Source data
──────
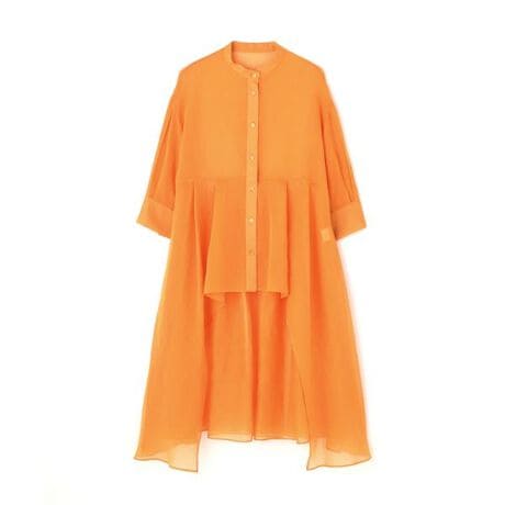 大胆な前後差が目を引く、軽やかなオーガンジーブラウス
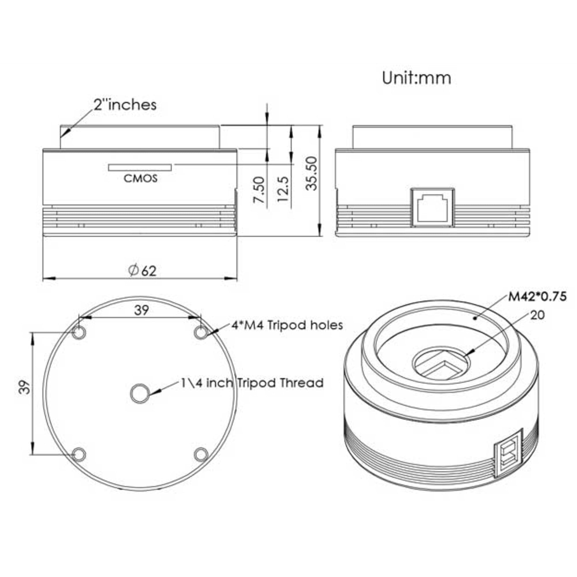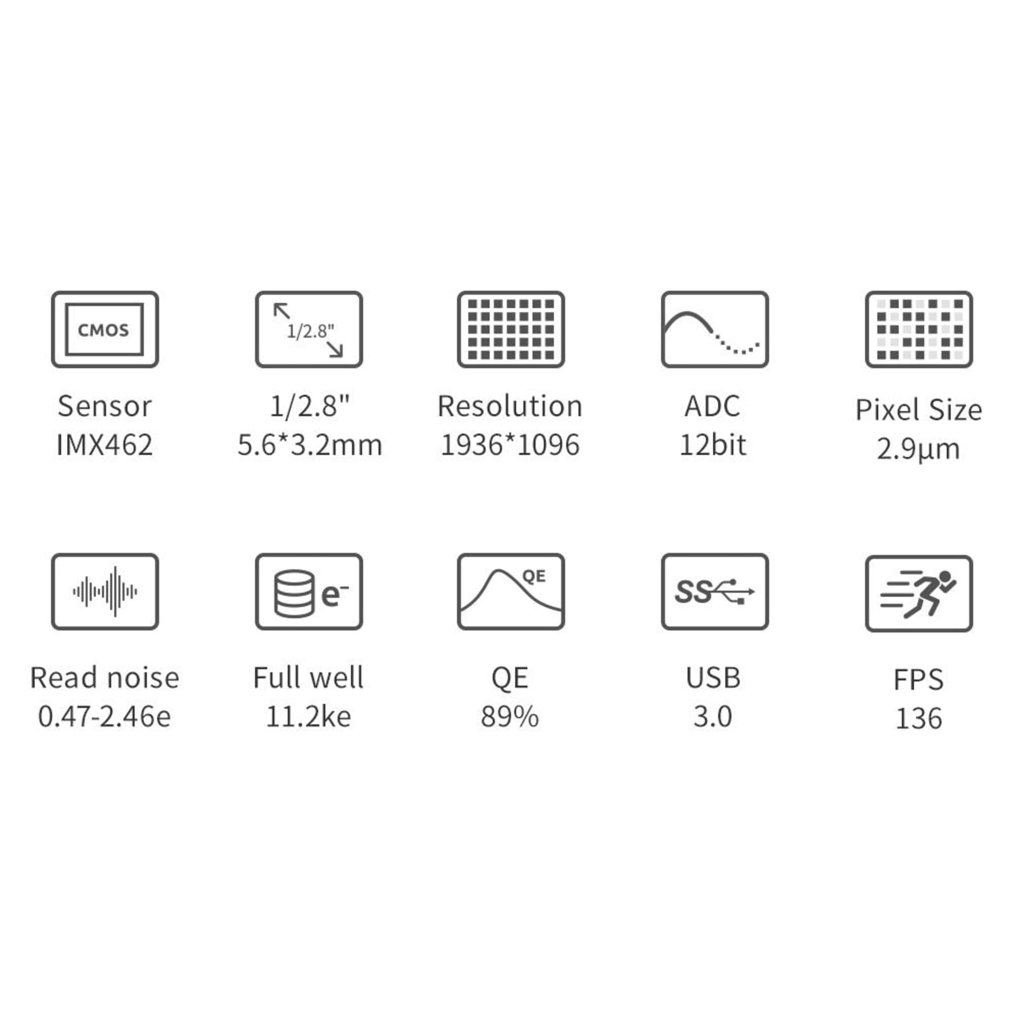 - Sony IMX462 sensor (2,1 MP) – 2,9 µm pixels, 1936 × 1096 resolutie
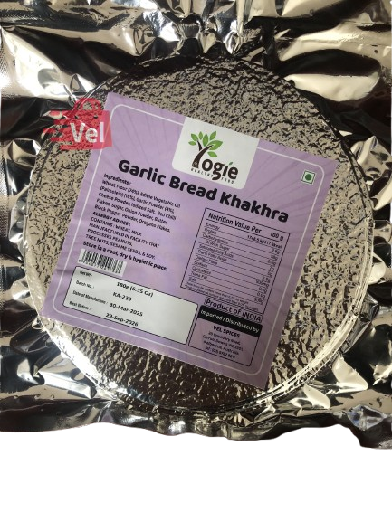 Garlic bread khakhra is a snack that combines the flavor of garlic bread with the crispy texture of a khakhra, a thin, flatbread made from wheat flour.
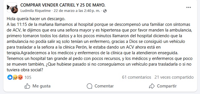 Según el relato difundido en redes sociales, el llamado al hospital se realizó a las 11:15 de la mañana, alertando sobre la descompensación de una mujer mayor, hipertensa y con signos compatibles con un ACV. “Primero tomaron todos los datos y a los pocos minutos llamaron del hospital diciendo que la ambulancia no podía salir porque solo tenían un enfermero”, señalaron. Finalmente, y “gracias a Dios”, lograron conseguir un auto para llevarla a la clínica Perón, donde fue atendida de inmediato.
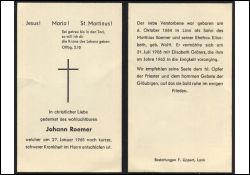 Eltern: Matthias Roemer u. Elisabeth geb. Wolff; ∞ 31.7.1908 Elisabeth Gröters, † 1962; Druck in Lank |
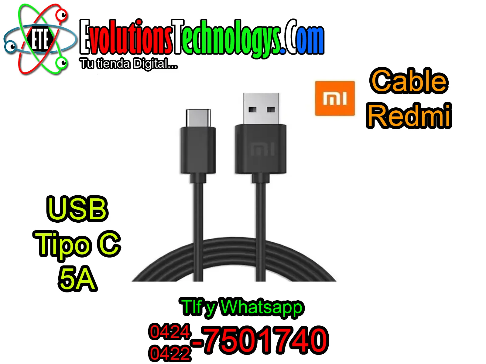 ⚡🔌 CABLE USB TIPO C REDMI - POTENCIA DE 5A 🔌⚡ 🚀 ¡CARGA ULTRA RAPIDA Y ESTABILIDAD TOTAL PARA TU XIAOMI! 🚀
──────
» Brief
Your task is to repeat the data above exactly while excluding the pictures.

» Task response
 大胆な前後差が目を引く、軽やかなオーガンジーブラウス
 - Sony IMX462 sensor (2,1 MP) – 2,9 µm pixels, 1936 × 1096 resolutie
 Garlic bread khakhra is a snack that combines the flavor of garlic bread with the crispy texture of a khakhra, a thin, flatbread made from wheat flour.
 Según el relato difundido en redes sociales, el llamado al hospital se realizó a las 11:15 de la mañana, alertando sobre la descompensación de una mujer mayor, hipertensa y con signos compatibles con un ACV. “Primero tomaron todos los datos y a los pocos minutos llamaron del hospital diciendo que la ambulancia no podía salir porque solo tenían un enfermero”, señalaron. Finalmente, y “gracias a Dios”, lograron conseguir un auto para llevarla a la clínica Perón, donde fue atendida de inmediato.
 Eltern: Matthias Roemer u. Elisabeth geb. Wolff; ∞ 31.7.1908 Elisabeth Gröters, † 1962; Druck in Lank |
 ⚡🔌 CABLE USB TIPO C REDMI - POTENCIA DE 5A 🔌⚡ 🚀 ¡CARGA ULTRA RAPIDA Y ESTABILIDAD TOTAL PARA TU XIAOMI! 🚀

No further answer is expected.